Legislators tell feds to back off

By Bob Unruh


New Hampshire’s state website promoting its attractions

Lawmakers in New Hampshire are telling the federal government to back off because plans for a federal handgun license, “hate crimes” laws to regulate Christians’ speech about their own religious beliefs on homosexuality, President Obama’s youth corps for mandatory public service and the so-called “Fairness Doctrine” to “balance” talk radio are none of them constitutional.

Such plans by the bureaucrats and administrators in Washington, D.C., are “altogether void” and if mandated, “shall constitute a nullification of the Constitution for the United States,” the lawmakers are warning.

The terse alarm is contained in House Concurrent Resolution 6, which has been introduced for debate. It affirms states’ rights “based on Jeffersonian principles.”

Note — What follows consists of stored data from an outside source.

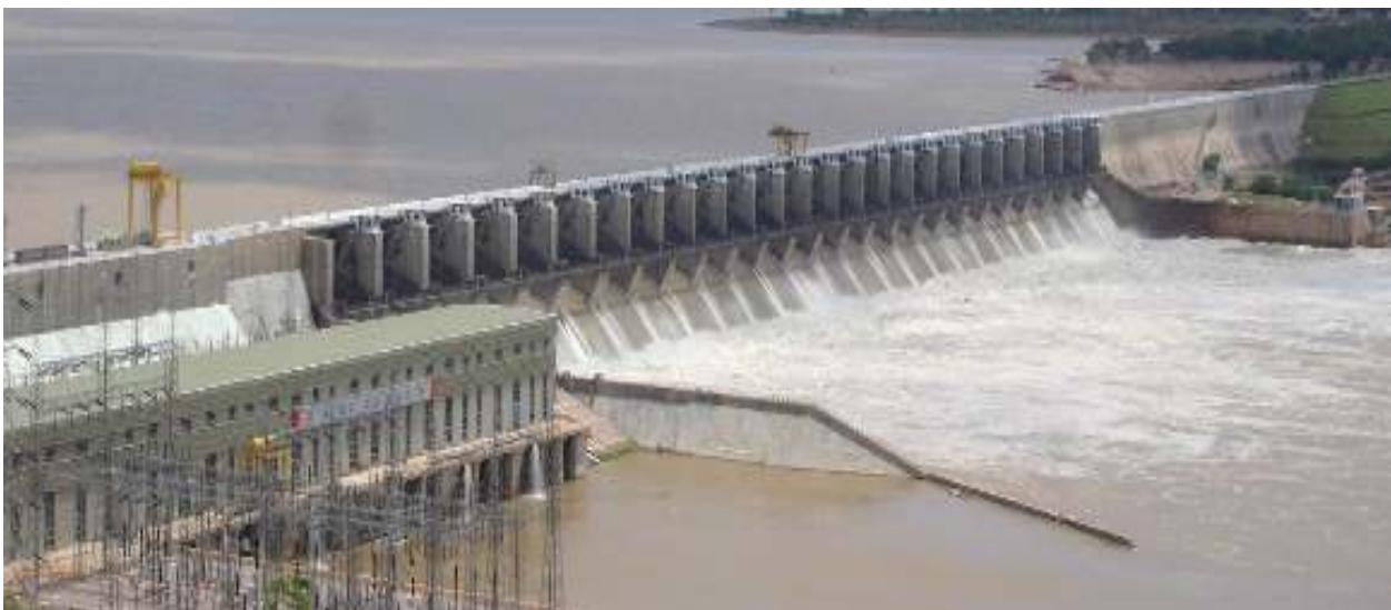
290MW Almatti Hydro power plant visited by 3 rd sem students on 19 th Sep.
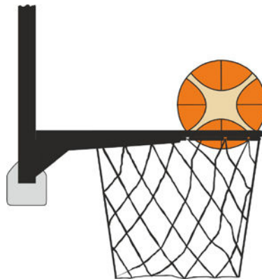
Diagram 4 Ball is within the basket

31-24 Statement: It is an interference violation if a defensive player touches the ball while the ball is within the basket.
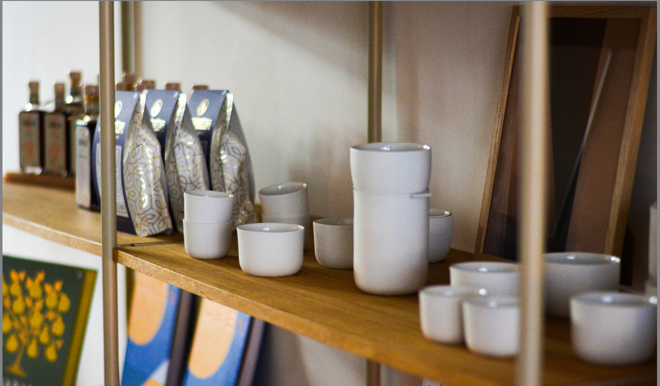
Essence cups and jug at Blend Artwork + Coffee.
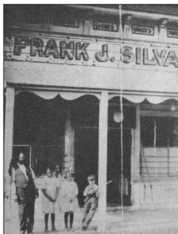
ca. 1906, 824 Grant Avenue
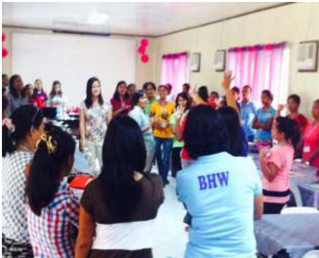
The Municipal Health Officer facilitates in the "getting to-know you" portion as some of the participants are newly hired.
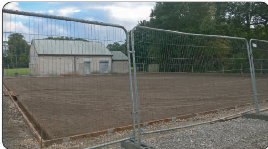
Two photos from the construction stages - there are many stage photos on the Parish Council website in the photo gallery
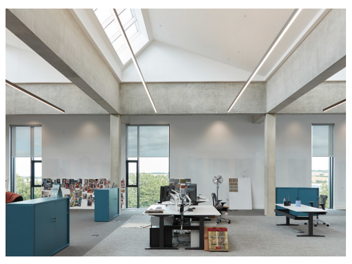
A.39 Diffused - Carlotta de Bevilacqua
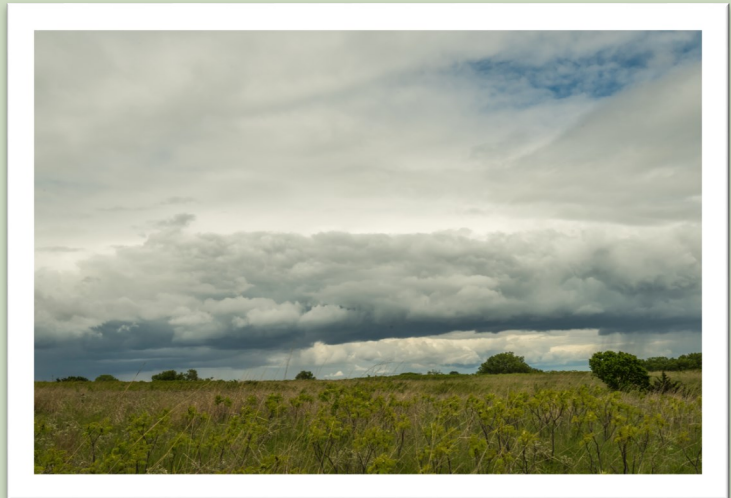
Nine-Mile Prairie landscape.

The Nine-Mile Prairie Advisory Council has been exploring opportunities to collaborate with the City of Lincoln's Prairie Corridor on Haines Branch project as well as obtaining formal integration of Nine-Mile Prairie into the planning and vision of the Lincoln and Lancaster County 2040 Comprehensive Plan. As part of these discussions, the importance of land use buffers surrounding Nine-Mile Prairie became an immediate priority to preserve for posterity the integrity of the Nine-Mile Prairie. The goal is to encourage and facilitate land management that is compatible with prairie conservation at Nine-Mile Prairie and sustainable grassland management in the surrounding public and privately-owned landscape through an extended management and utilization philosophy that creates a lasting land buffer. The development of a long range management plan for Nine-Mile Prairie and management strategies for its surrounding environs is essential for long-term prairie preservation and will honor Nebraska's prairie legacy while ensuring that all future generations have the opportunity to enjoy and learn from our native grasslands.
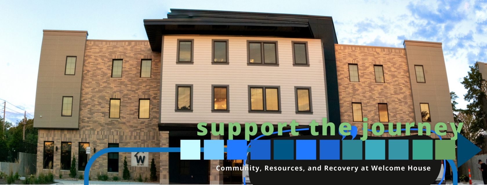
Pictured above: Opened to residents and staff on July 31, 2023, the new Welcome House Recovery Center.

The Recovery for Life Capital Campaign is a lasting testament to the mission of addiction recovery, saving lives, and reuniting families. Your support is an investment to change a family tree for a healthier and safer community.
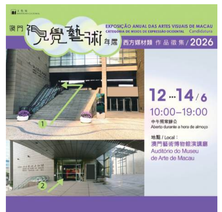
This poster provided the Cultural Affairs Bureau (IC) on Tuesday shows the venue of the upcoming 2026 Macau Annual Visual Arts Exhibition at the Macau Museum of Art (MAM) in Nape, where entries can be submitted from next Friday through Sunday (Jun12-14).

The statement added that exhibition guidelines and entry forms are available to download on the Cultural Affairs Bureau website ( www.icm.gov.mo ) or can be obtained from the IC Visual Arts Division at the Tap Seac Creative Centre (commonly known as the Glass House). For enquiries, call 2836 6866 during office hours or email cam@icm.gov.mo . ■
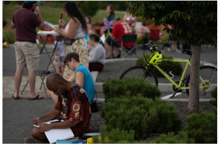
Action Shot of artists at Mermaid Spokane Night Market August 9, 2025

As we returned to the market, a gal sat on the side walk, awaiting a ride. She held a little bird cage and was dressed in bright makeup, fitting the mermaid theme. Something about this stood out as unique and culturally significant. The idea of bridging people even more apparent, as she did not fit into what feels like a norm for Spokane. It brought to the forefront the fact that this market was about community and art. It was more than a place to sell, but also a place to live and thrive with like minded people. This particular market is a place to tell stories, and live stories. It's about bringing people together and creating a common area for people to mingle, talk, draw together, and just enjoy
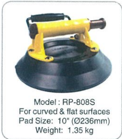
Model : RP-808S For curved & flat surfaces Pad Size : 10" (Ø236mm) Weight : 1.35 kg
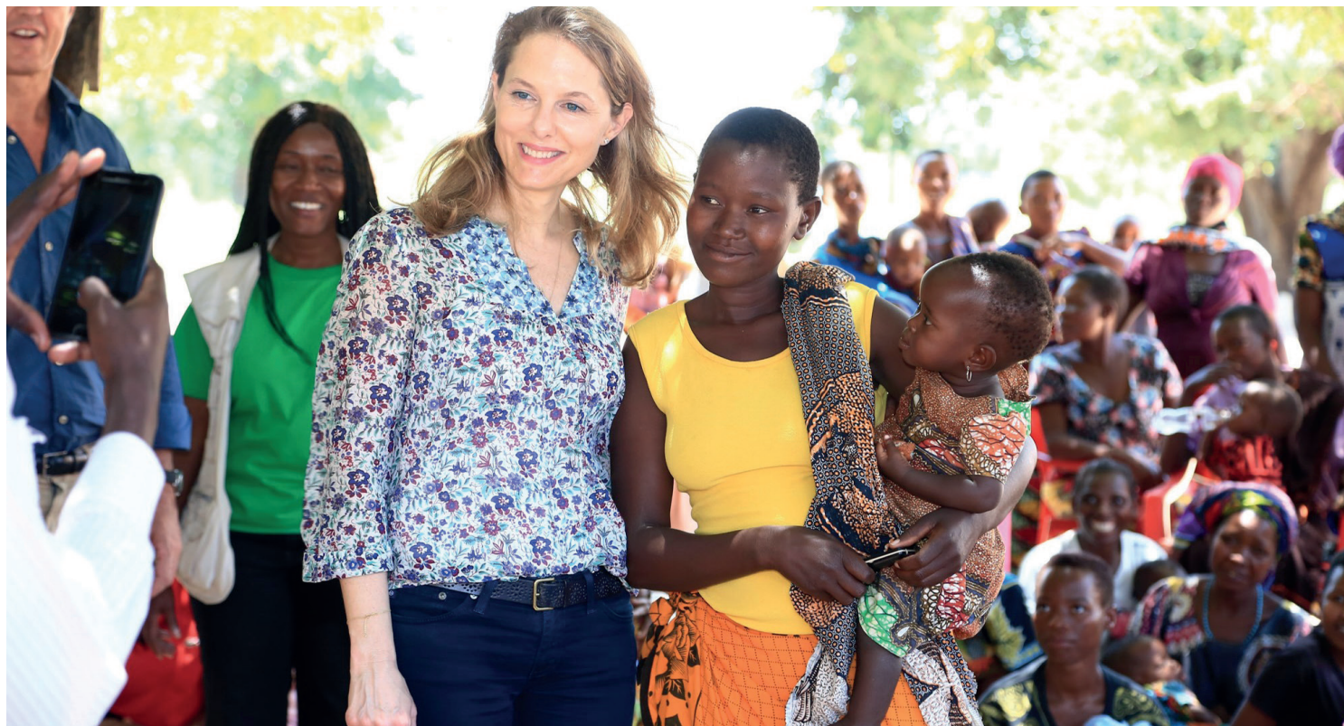
World Food Programme (WFP) Special Advisor, Her Royal Highness Princess Sarah Zeid (left), visiting beneficiaries of the European Union funded 'Boresha Lishe' Nutrition project in Dodoma.

In late March, the World Food Programme (WFP) hosted a visit from Her Royal Highness (HRH) Princess Sarah Zeid of Jordan. Princess Sarah is special adviser on maternal health for WFP and an advocate for good nutrition in a child's first 1000 days.
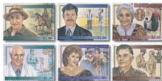
Fig.-4: Stamp set on famous New Zealanders

'Famous New Zealanders' (Fig 4 & 5)) in the field of science, medicine & education. Obviously the all time most famous New Zealander cardiac surgeon Sir Brian Barratt-Boyes was in one of those. Sir Brian Barratt-Boyes, internationally renowned heart surgeon, pioneered new surgical techniques which have earned him the highest respect from peers and patients alike. He is also the co-author of one of the most read textbooks in cardiac surgery. He was knighted at the age of 47 for his contribution to heart surgery. Sir Brian Barratt-Boyes was one of a few New Zealanders honored by being featured on a postage stamp during his lifetime.
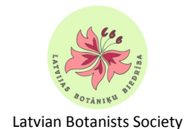
Latvian Botanists Society
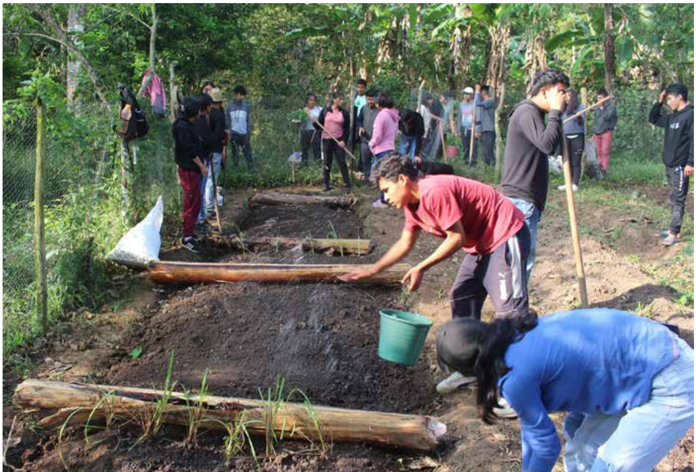
Young members of SER Mixe participate in a training on sustainable agriculture and soil conservation.

To bring about change on a national scale, the Alliance for Self-Determination and Autonomy (ALDEA) was founded to support communities and organizations in their fight for the full recognition of the right to self-determination in the Constitution. Through joint organizing and advocacy, they're currently working to ensure the passage of a congressional bill that would transform the legal framework and guarantee the Mexican State respects and protects Indigenous rights. ALDEA's proposed amendment captures the historical demands of Indigenous Peoples and seeks to give these communities the legal autonomy to fully exercise their right to the self-determination. Currently, a bill presented by President López Obrador, incorporating most of the ALDEA's proposals, is in Congress pending discussion.
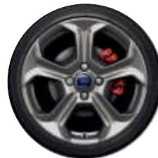
17" 5-spoke Rock Metallic painted alloy wheel (as part of ST Style Pack)
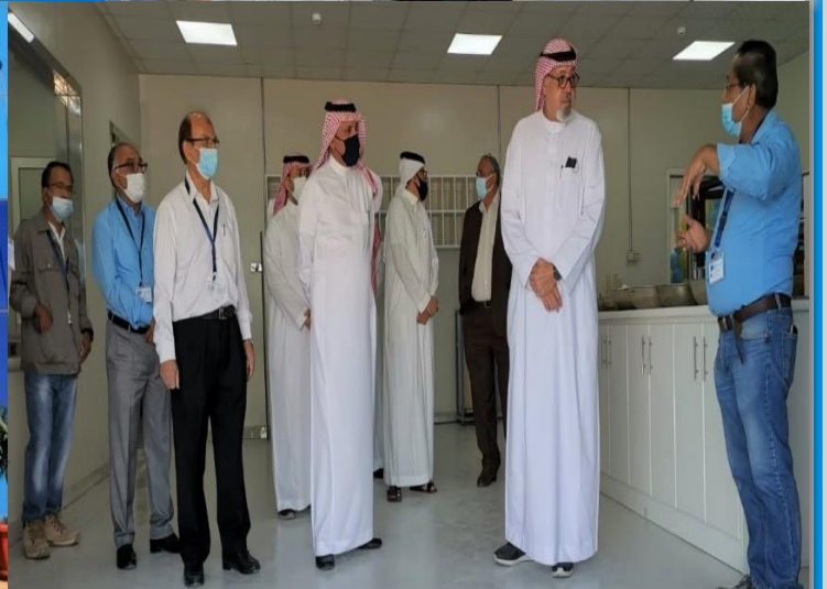
AHS Riyadh opens its New Office and Laboratory.
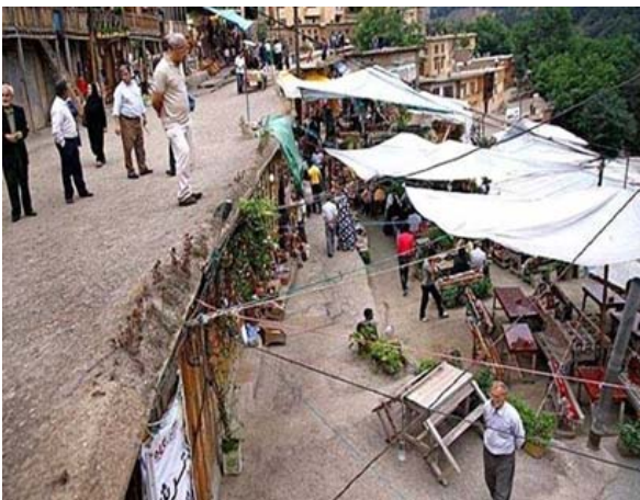
Fig. 4 The main financial part of Masouleh, Bazar

Bazar of Masouleh is seven- storey and there are 120 shops in there (Fig. 4).
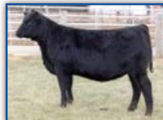
MISS BLACKCAP ELLSTON D67 GALACTIC DAUGHTER SELLS FEBRUARY 3, 2026
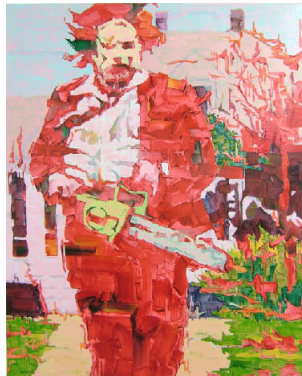
MASADA Takeshi Untitled 2006, oil on canvas, 110 x 92 cm
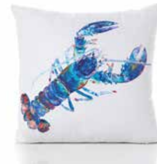
Multicolor Lobster Pillow S004505 $85
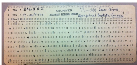
MRL 12: Clarence R. Thayer Papers, series 3, box 7

Rheinische Missionsgesellschaft Reports, 1897-1912 – Reports from the Rheinische Missionsgesellschaft (Rhenish Missionary Society), 1897-1912 detailing Southern Africa, with some information on missionaries in Borneo, China, Batakland/Sumatra, Nias and New Guinea. Copies of handwritten and typed originals in German.
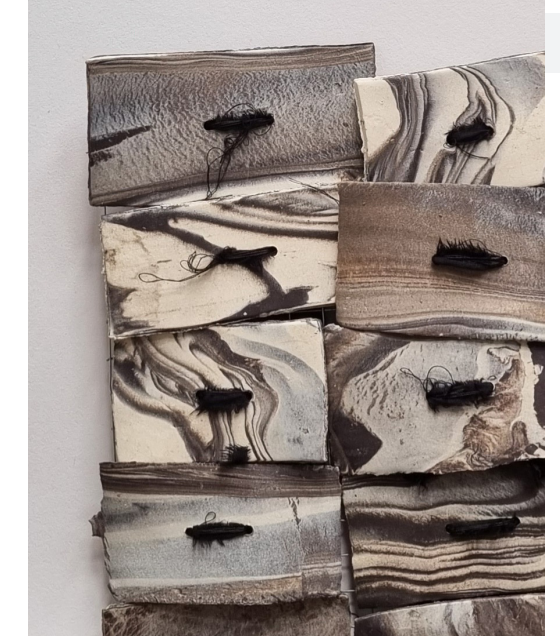
Crowded (detail), 2022 porcelain, black stoneware

A shared space is what brought this group of individuals together. We are all connected in various ways to ClayMake Studio, and have become connected to one another through the sharing of the physical studio space. We now share and shape the space held within the East Gallery of Midland Junction Arts Centre.
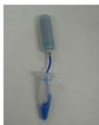
Figure 1: Pump/tubing/collection assembly after completion of polystyrene experiment.

Visualization of blue suspension in the collection vessels was used to confirm delivery of polystyrene particles. Spectrophotometry (595nm, BioRad, Hercules, CA) was used to perform turbidity analysis for determination of the concentration of particles in the collected suspensions.
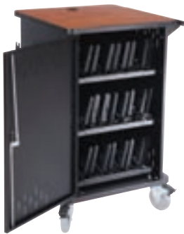
mLT30 CHB - student side shows easily accessible laptop storage
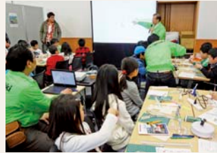
Making model helicopters

We showed the children how a helicopter and its rotor are assembled and estimated the rotor's lift force—the force that lifts the helicopter—and described some insider secrets, such as the trick to stop the whole helicopter from spinning.
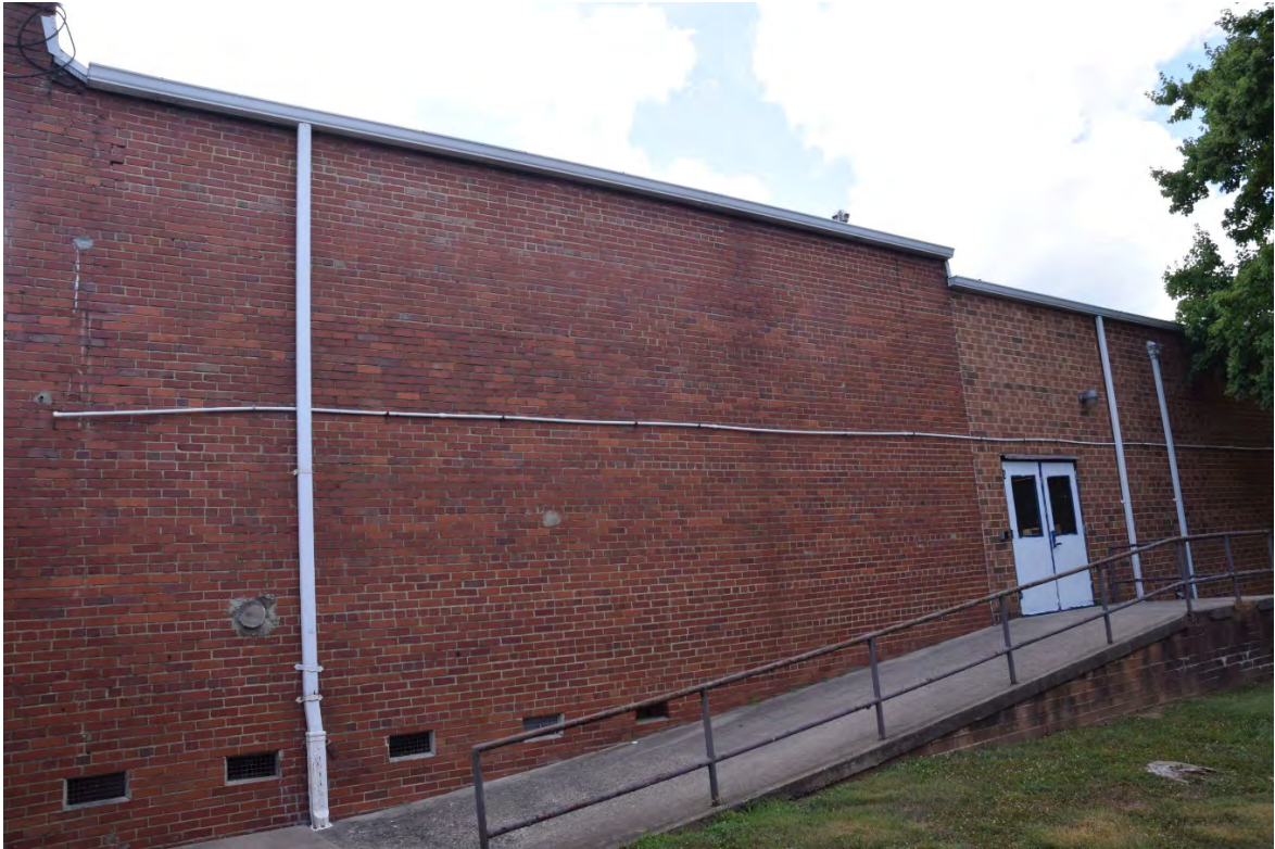
Auditorium East Elevation
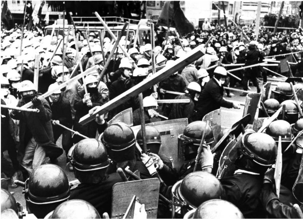
FIGURE 9: Students battle riot police in Sasebo, January 21, 1968.

protest to become effective. To put it crudely, “nonviolence” was enabled by violence, that is, by a violent display whose results revealed and delegitimated massive state violence, while reenergizing and broadening political possibilities.

It’s not the first such move in the United States. WND reported last year when state representatives in Oklahoma, steamed over a perceived increase in federal usurping of states’ rights, approved Joint House Resolution 1089 on a 92-3 vote to reassert the state’s sovereignty under the 10th Amendment and serve “notice to the federal government to cease and desist certain mandates.”

According to DailyPaul.com, a website assembled in support of U.S. Rep. Ron Paul, Missouri, Washington and Arizona also have moved in the direction of reasserting states’ rights.

The Tenth Amendment states, “The powers not delegated to the United States by the Constitution, nor prohibited by it to the states, are reserved to the states respectively, or to the people,” and also is being cited in the New Hampshire plan.

It states that New Hampshire people “have the sole and exclusive right of governing themselves as a free, sovereign, and independent State; and do, and forever hereafter shall, exercise and enjoy every power, jurisdiction, and right, pertaining thereto, which is not, or may not hereafter be, by them expressly delegated to the United States of America…”

That means, the resolution states, any “Act by the Congress of the United States, Executive Order of the President of the United States of American or Judicial Order by the Judicatories of the United States of America which assumes a power not delegated to the government … and which serves to diminish the liberty of the any of the several States or their citizens shall constitute a nullification of the Constitution for the United States of America by the government of the United States of America.”

It lists as actions that the federal government would be prohibited from doing:

  • Establishing martial law or a state of emergency within one of the States comprising the United States of America without the consent of the legislature of that State.
  • Requiring involuntary servitude, or governmental service other than a draft during a declared war, or pursuant to, or as an alternative to, incarceration after due process of law.
  • Requiring involuntary servitude or governmental service of persons under the age of 18 other than pursuant to, or as an alternative to, incarceration after due process of law.
  • Surrendering any power delegated or not delegated to any corporation or foreign government.
  • Any act regarding religion; further limitations on freedom of political speech; or further limitations on freedom of the press.
  • Further infringements on the right to keep and bear arms including prohibitions of type or quantity of arms or ammunition.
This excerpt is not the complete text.